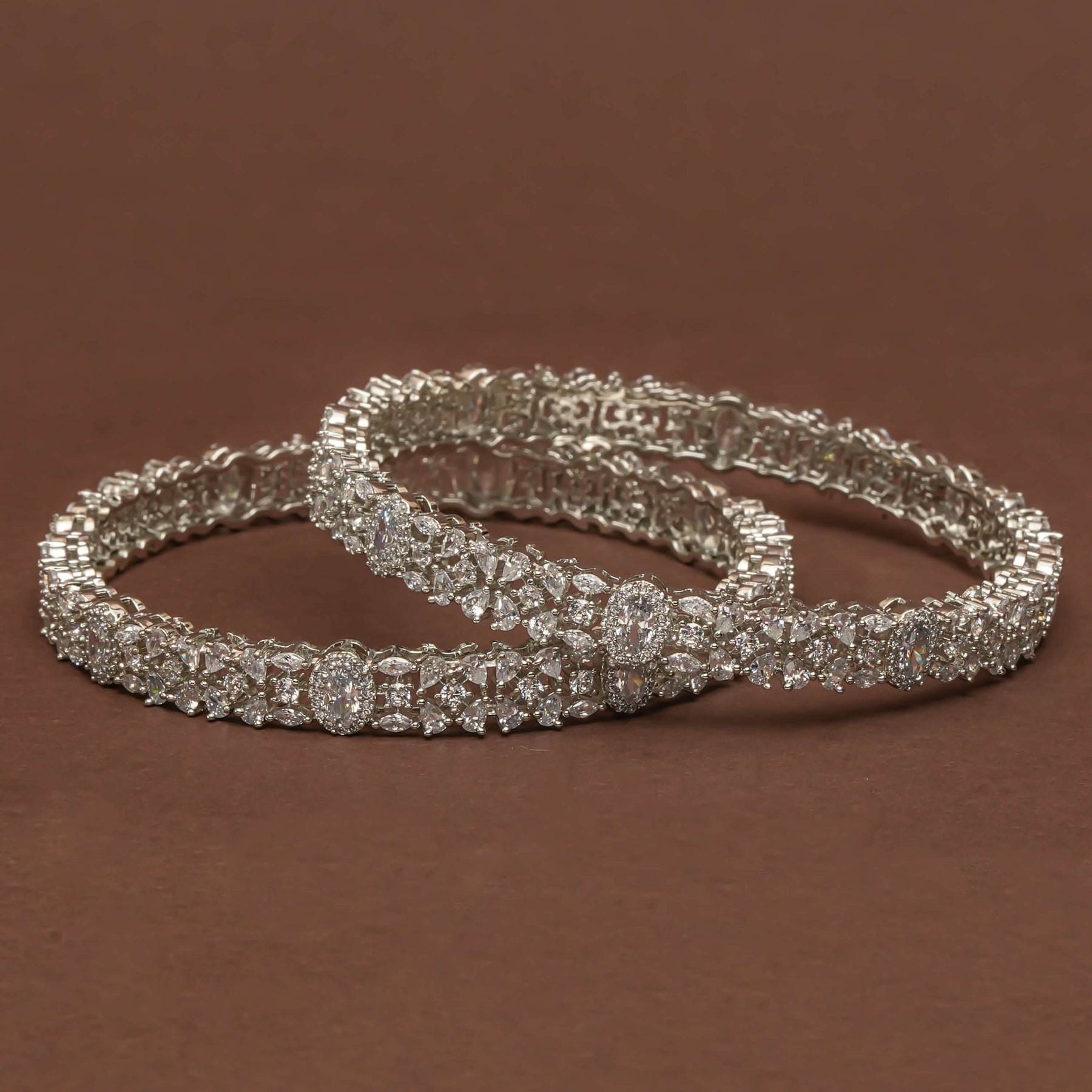 Crafted with precision, these CZ White Gold Bangles feature genuine cubic zirconia stones set in a white gold finish, offering brilliance akin to fine diamonds. Their unique, handcrafted design ensures exclusivity, while the innovative side screw mechanism provides effortless wear and secure fit. Perfect for adding refined elegance to any ensemble, these bangles combine craftsmanship and convenience seamlessly.
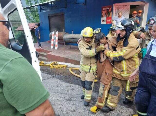 Cerca de 100 bombeiros de quatro cidades do Paraguai ajudam no combate às chamas. Durante o trabalho, na tarde de segunda, um bombeiro ficou preso no 22º andar e precisou ser resgatado.
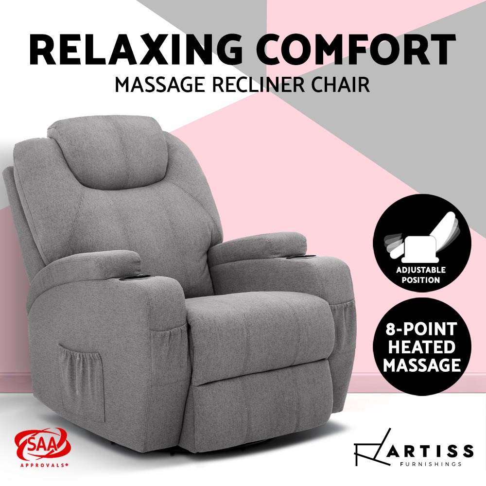 Details About Artiss Electric Recliner Chair Fabric Sofa Heated Massage Chairs Lounge Armchair
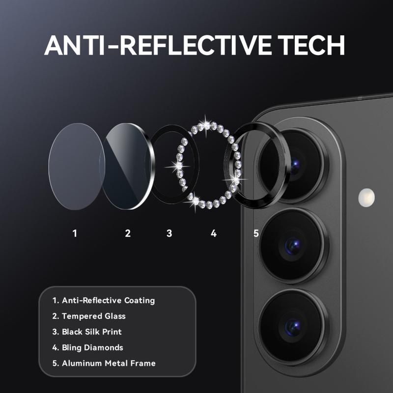 Verleihen Sie Ihrem Samsung Galaxy S26 mit dem NORTHJO Kameraobjektivschutz Glanz und Schutz. Mit schimmernden Strasssteinen und präzisionsgeschliffenem, gehärtetem Glas schützt er Ihr Kameraobjektiv vor Kratzern, Staub und Stößen und verleiht ihm einen Hauch von Eleganz und Luxus.

» What you are asked to do: Leave out the pictures, and write out exactly the lines from the one containing "Details About Artiss" through the last line of the listing, both included.

» Result below:
 Details About Artiss Electric Recliner Chair Fabric Sofa Heated Massage Chairs Lounge Armchair
 Verleihen Sie Ihrem Samsung Galaxy S26 mit dem NORTHJO Kameraobjektivschutz Glanz und Schutz. Mit schimmernden Strasssteinen und präzisionsgeschliffenem, gehärtetem Glas schützt er Ihr Kameraobjektiv vor Kratzern, Staub und Stößen und verleiht ihm einen Hauch von Eleganz und Luxus.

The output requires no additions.